* THE TASK *
Your copy of the data below must be exact and must leave out all pictures.

* Records excerpted from a collection *
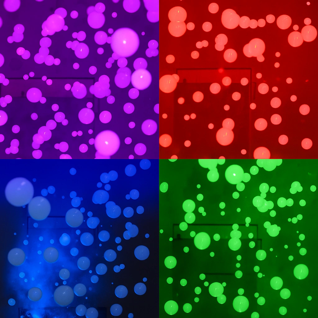 Urządzenie wyposażono w 24 jasne diody LED RGBW, które okalają otwory wyjściowe. Dzięki temu dym i bańki są dodatkowo podświetlane, co daje efekt sceniczny jak z profesjonalnych produkcji. Wytwornica baniek z oświetleniem LED sprawdzi się zarówno w małych salach, jak i na dużych scenach.
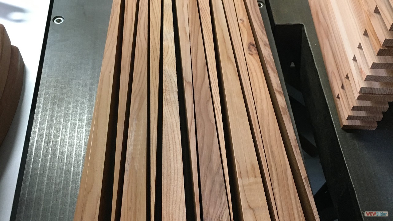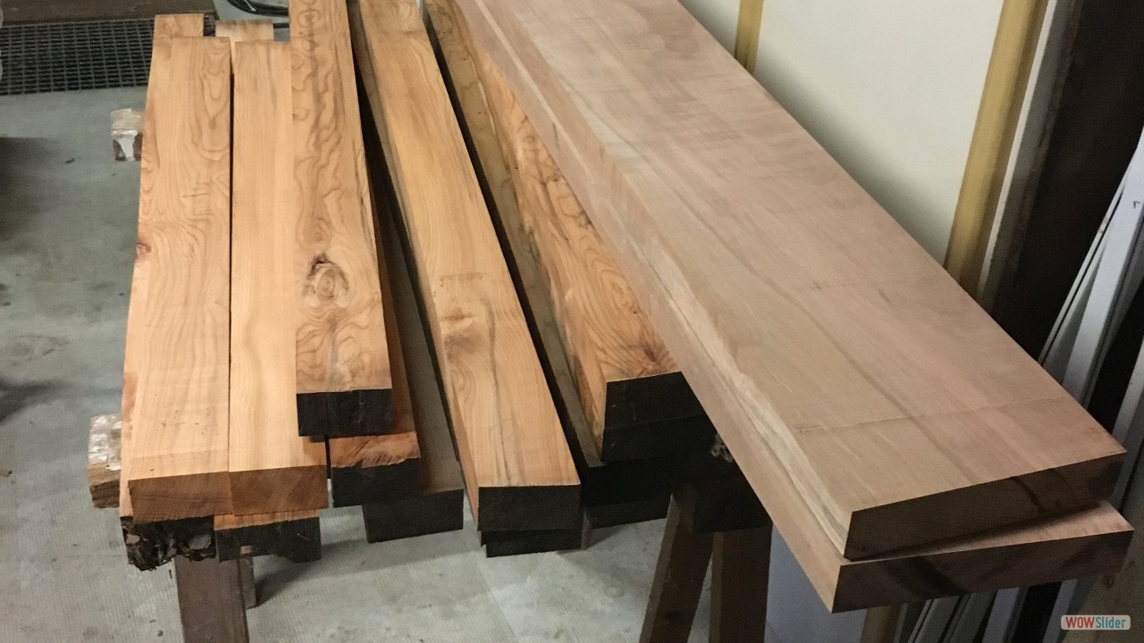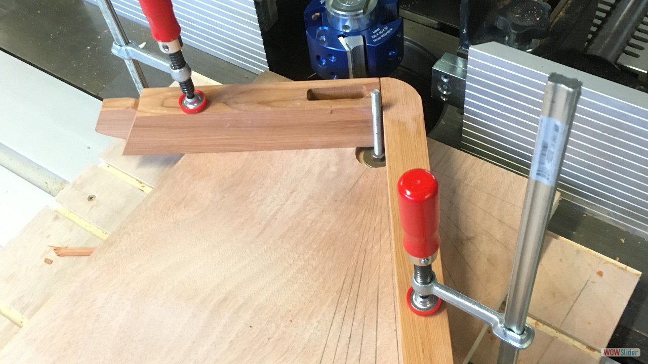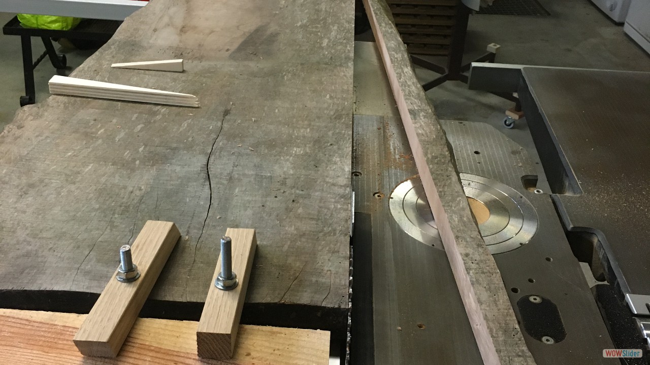 Plateaux d'Orme.1 Plateaux de Cèdre du Liban (De Charente Maritime)2 Plateau d'Orme, 60 ans après la coupe!3 C'est le début du délignage....4 5 6 7 8 9 Les bruts pour les pieds et les assises.10 Débit des pieds et des assises11 Beaucoup de copeaux.....12 13 En sortie de la rabot / dégauchisseuse14 Les assises (trois morceux par assise).15 Montage d'usinage pour l'assemblage avec des dents de scies.16 Phase de collage des assises.17 Les assises sont collées.18 Montage d'usinage pour les rayons sur les assises.19 20 21 Première utilisation du montage d'usinage.22 Autre montage pour faire les rayons des assises.23 5324 5425 Réalisation des enfourchements pour les pieds.26 L'outil sur la toupie pour réaliser les enfourchements.27 Voilà le travail.28 Pour les 4 tabourets.29 Enfourchement pour les traverses.30 31 Gros plan sur la traverse.32 Montage d'usinage pour la mortaise.33 Autre vue.34 La série des traverses pour les 4 tabourets.35 Encore un autre montage d'usinage....36 Juste pour une petite coupe.37 Les 4 assises et les 4 traverses.38 Encore un autre montage pour faire une petite pente de 3°.39 Une petite chute de bois, a faire pour 12 pieds.40 Les pieds et les chutes41 42 Des chutes pour faire.....?43 Collage des pieds sur les traverses.44 Il faut beaucoup de serre-joints.45 Pieds avec traverses.46 47 Montage à blanc...avant collage et avant les rayons.48 Il faut encore faire les arrondis.49 Réalisation des arrondis....12 opérations identiques.50 51 52 53 54 55 56 57 L'outil pour faire les rayons.58 Voilà le résultat, il reste le ponçage....59 Pour le collage il faut encore faire un petit montage.60 61 62 Petites brides pour le serrage.63 Utilisation des brides pour un bon collage.64 Les tabourets s'empillent bien.65 66 Voilà, autre vue d'ensemble.67 Vue de dessus.68 Autre vue de l'empillage des tabourets.69 FIN du diaporama.....A bientôt.70
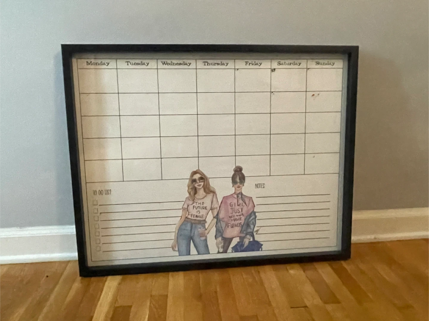 10Selling a framed wall calendar. It features a blank calendar grid at the top, with a 'To Do List' and 'Notes' section below. The illustration at the bottom shows two women with text that reads 'The Future is Female' and 'Girl Just Wanna Have Funds'
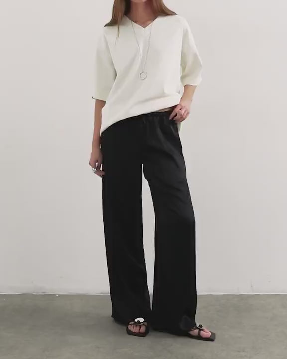 Hosen und Leggings von TopshopDiese Hose ist aus glänzendem, satinartigem Stoff in Schwarz gefertigt. Sie hat einen niedrigen Bund mit Kordelzug und weite Seitentaschen.
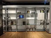 Simulation of a film archive: the shelves have been left almost empty to help visitors better visualize the gap between the number of surviving films and the number of films actually made.
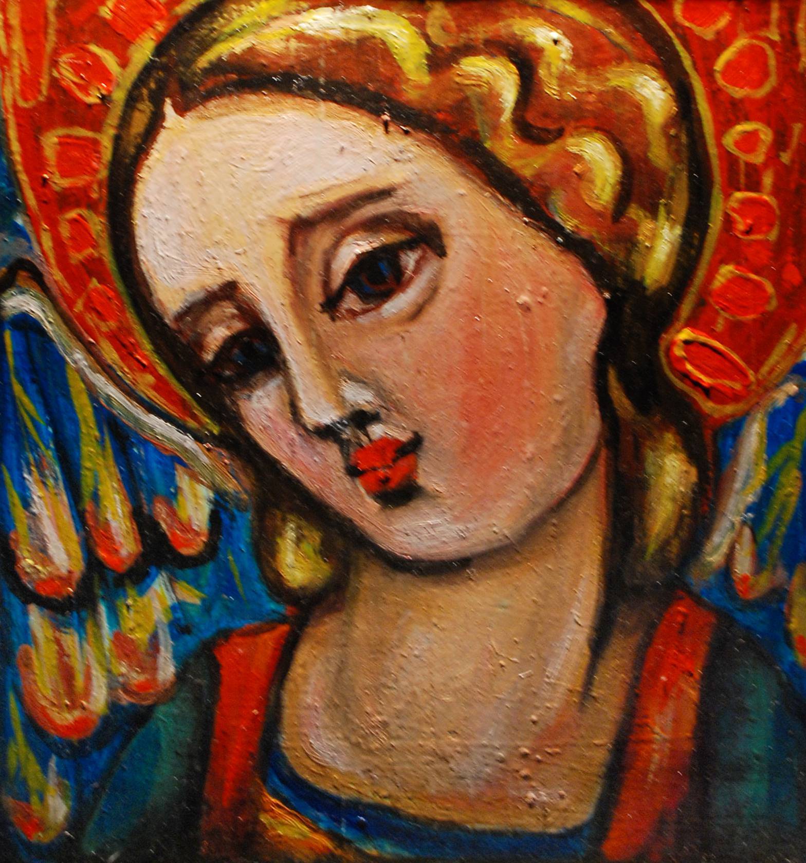 Obraz emanuje intensywnymi barwami - czerwienie, błękity i złociste odcienie, które grają ze sobą, tworząc żywiołowy taniec kolorów. Postać z wyrazistymi rysami twarzy i dużymi oczami skupia na sobie całą uwagę widza, jej spojrzenie jest przenikliwe, trochę zamyślone, trochę melancholijne. Artysta zastosował śmiałe pociągnięcia pędzla, które nadają obrazowi dynamiczności i pewnej ekspresji. Nastrój dzieła jest jednocześnie ciepły i refleksyjny, jakby skrywał jakąś tajemnicę. Technika malarska, łącząca bogate kolory z fakturalnością, sprawia, że obraz ma trójwymiarową głębię. Patrząc na niego, można poczuć się jak w baśni, gdzie intensywne barwy opowiadają własną historię. Wyobraź sobie, że to magiczne okno do innego świata. Ja czuję pewną nostalgia, jakby obraz przypominał mi coś z dzieciństwa, choć nie umiem dokładnie wskazać co. W tej kompozycji jest coś fascynującego, a może to właśnie ten "mysterious" wyraz twarzy, który tak przykuwa. Patrząc dłużej, można poczuć, jak piękno łączy się z melancholią. Nasze serce reaguje na taki widok, bijąc trochę wolniej, trochę spokojniej, jak w momencie zadumy przed czymś pięknym.

* WORKED SOLUTION *
 Urządzenie wyposażono w 24 jasne diody LED RGBW, które okalają otwory wyjściowe. Dzięki temu dym i bańki są dodatkowo podświetlane, co daje efekt sceniczny jak z profesjonalnych produkcji. Wytwornica baniek z oświetleniem LED sprawdzi się zarówno w małych salach, jak i na dużych scenach.
 Plateaux d'Orme.1 Plateaux de Cèdre du Liban (De Charente Maritime)2 Plateau d'Orme, 60 ans après la coupe!3 C'est le début du délignage....4 5 6 7 8 9 Les bruts pour les pieds et les assises.10 Débit des pieds et des assises11 Beaucoup de copeaux.....12 13 En sortie de la rabot / dégauchisseuse14 Les assises (trois morceux par assise).15 Montage d'usinage pour l'assemblage avec des dents de scies.16 Phase de collage des assises.17 Les assises sont collées.18 Montage d'usinage pour les rayons sur les assises.19 20 21 Première utilisation du montage d'usinage.22 Autre montage pour faire les rayons des assises.23 5324 5425 Réalisation des enfourchements pour les pieds.26 L'outil sur la toupie pour réaliser les enfourchements.27 Voilà le travail.28 Pour les 4 tabourets.29 Enfourchement pour les traverses.30 31 Gros plan sur la traverse.32 Montage d'usinage pour la mortaise.33 Autre vue.34 La série des traverses pour les 4 tabourets.35 Encore un autre montage d'usinage....36 Juste pour une petite coupe.37 Les 4 assises et les 4 traverses.38 Encore un autre montage pour faire une petite pente de 3°.39 Une petite chute de bois, a faire pour 12 pieds.40 Les pieds et les chutes41 42 Des chutes pour faire.....?43 Collage des pieds sur les traverses.44 Il faut beaucoup de serre-joints.45 Pieds avec traverses.46 47 Montage à blanc...avant collage et avant les rayons.48 Il faut encore faire les arrondis.49 Réalisation des arrondis....12 opérations identiques.50 51 52 53 54 55 56 57 L'outil pour faire les rayons.58 Voilà le résultat, il reste le ponçage....59 Pour le collage il faut encore faire un petit montage.60 61 62 Petites brides pour le serrage.63 Utilisation des brides pour un bon collage.64 Les tabourets s'empillent bien.65 66 Voilà, autre vue d'ensemble.67 Vue de dessus.68 Autre vue de l'empillage des tabourets.69 FIN du diaporama.....A bientôt.70
 10Selling a framed wall calendar. It features a blank calendar grid at the top, with a 'To Do List' and 'Notes' section below. The illustration at the bottom shows two women with text that reads 'The Future is Female' and 'Girl Just Wanna Have Funds'
 Hosen und Leggings von TopshopDiese Hose ist aus glänzendem, satinartigem Stoff in Schwarz gefertigt. Sie hat einen niedrigen Bund mit Kordelzug und weite Seitentaschen.
 Simulation of a film archive: the shelves have been left almost empty to help visitors better visualize the gap between the number of surviving films and the number of films actually made.
 Obraz emanuje intensywnymi barwami - czerwienie, błękity i złociste odcienie, które grają ze sobą, tworząc żywiołowy taniec kolorów. Postać z wyrazistymi rysami twarzy i dużymi oczami skupia na sobie całą uwagę widza, jej spojrzenie jest przenikliwe, trochę zamyślone, trochę melancholijne. Artysta zastosował śmiałe pociągnięcia pędzla, które nadają obrazowi dynamiczności i pewnej ekspresji. Nastrój dzieła jest jednocześnie ciepły i refleksyjny, jakby skrywał jakąś tajemnicę. Technika malarska, łącząca bogate kolory z fakturalnością, sprawia, że obraz ma trójwymiarową głębię. Patrząc na niego, można poczuć się jak w baśni, gdzie intensywne barwy opowiadają własną historię. Wyobraź sobie, że to magiczne okno do innego świata. Ja czuję pewną nostalgia, jakby obraz przypominał mi coś z dzieciństwa, choć nie umiem dokładnie wskazać co. W tej kompozycji jest coś fascynującego, a może to właśnie ten "mysterious" wyraz twarzy, który tak przykuwa. Patrząc dłużej, można poczuć, jak piękno łączy się z melancholią. Nasze serce reaguje na taki widok, bijąc trochę wolniej, trochę spokojniej, jak w momencie zadumy przed czymś pięknym.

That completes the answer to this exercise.